Records to process

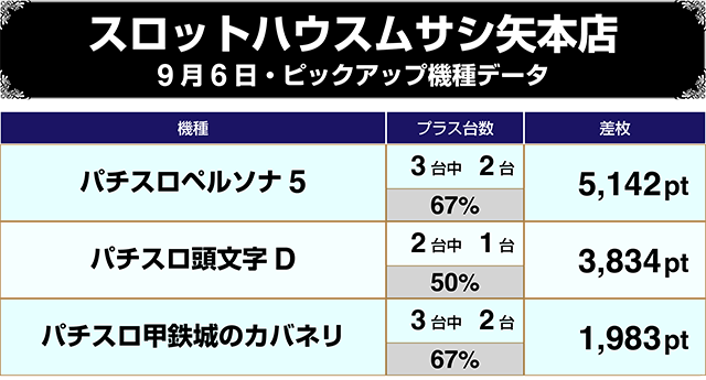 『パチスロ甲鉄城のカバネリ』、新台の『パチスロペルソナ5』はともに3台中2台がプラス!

* * *

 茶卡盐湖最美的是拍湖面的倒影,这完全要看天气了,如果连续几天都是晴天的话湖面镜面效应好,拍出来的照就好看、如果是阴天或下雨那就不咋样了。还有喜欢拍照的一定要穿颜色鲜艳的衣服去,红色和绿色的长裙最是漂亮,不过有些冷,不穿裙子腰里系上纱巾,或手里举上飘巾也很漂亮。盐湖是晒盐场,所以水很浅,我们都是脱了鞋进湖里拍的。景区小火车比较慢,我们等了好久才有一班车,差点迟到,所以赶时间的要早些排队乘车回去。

--

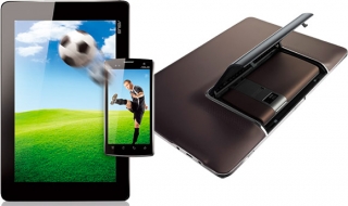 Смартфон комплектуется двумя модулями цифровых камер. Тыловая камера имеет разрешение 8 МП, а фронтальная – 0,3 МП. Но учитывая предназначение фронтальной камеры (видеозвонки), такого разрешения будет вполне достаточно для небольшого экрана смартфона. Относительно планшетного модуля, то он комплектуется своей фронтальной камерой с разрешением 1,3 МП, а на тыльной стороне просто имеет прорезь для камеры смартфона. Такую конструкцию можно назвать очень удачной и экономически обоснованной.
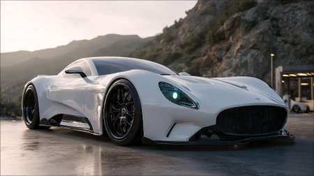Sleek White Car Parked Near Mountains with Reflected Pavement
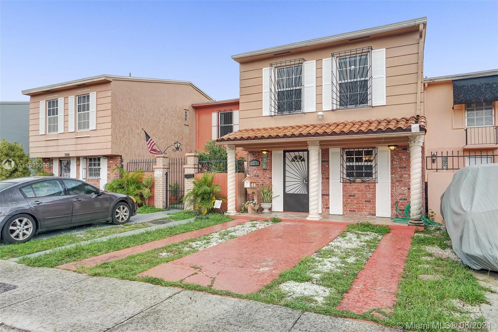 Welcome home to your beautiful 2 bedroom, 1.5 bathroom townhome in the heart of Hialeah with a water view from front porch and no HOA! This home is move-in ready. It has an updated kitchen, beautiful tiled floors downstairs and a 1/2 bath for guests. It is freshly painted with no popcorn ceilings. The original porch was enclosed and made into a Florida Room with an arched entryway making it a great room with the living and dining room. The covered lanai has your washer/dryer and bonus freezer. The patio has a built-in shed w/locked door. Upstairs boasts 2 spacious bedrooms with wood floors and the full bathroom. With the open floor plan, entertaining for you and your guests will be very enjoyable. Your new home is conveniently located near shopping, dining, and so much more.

Problem to work on
Give back the exact lines above, running from the one that has "Sleek White Car" through the one that has "Welcome home to", with nothing added and no pictures.

Exercise solution
Sleek White Car Parked Near Mountains with Reflected Pavement
 Welcome home to your beautiful 2 bedroom, 1.5 bathroom townhome in the heart of Hialeah with a water view from front porch and no HOA! This home is move-in ready. It has an updated kitchen, beautiful tiled floors downstairs and a 1/2 bath for guests. It is freshly painted with no popcorn ceilings. The original porch was enclosed and made into a Florida Room with an arched entryway making it a great room with the living and dining room. The covered lanai has your washer/dryer and bonus freezer. The patio has a built-in shed w/locked door. Upstairs boasts 2 spacious bedrooms with wood floors and the full bathroom. With the open floor plan, entertaining for you and your guests will be very enjoyable. Your new home is conveniently located near shopping, dining, and so much more.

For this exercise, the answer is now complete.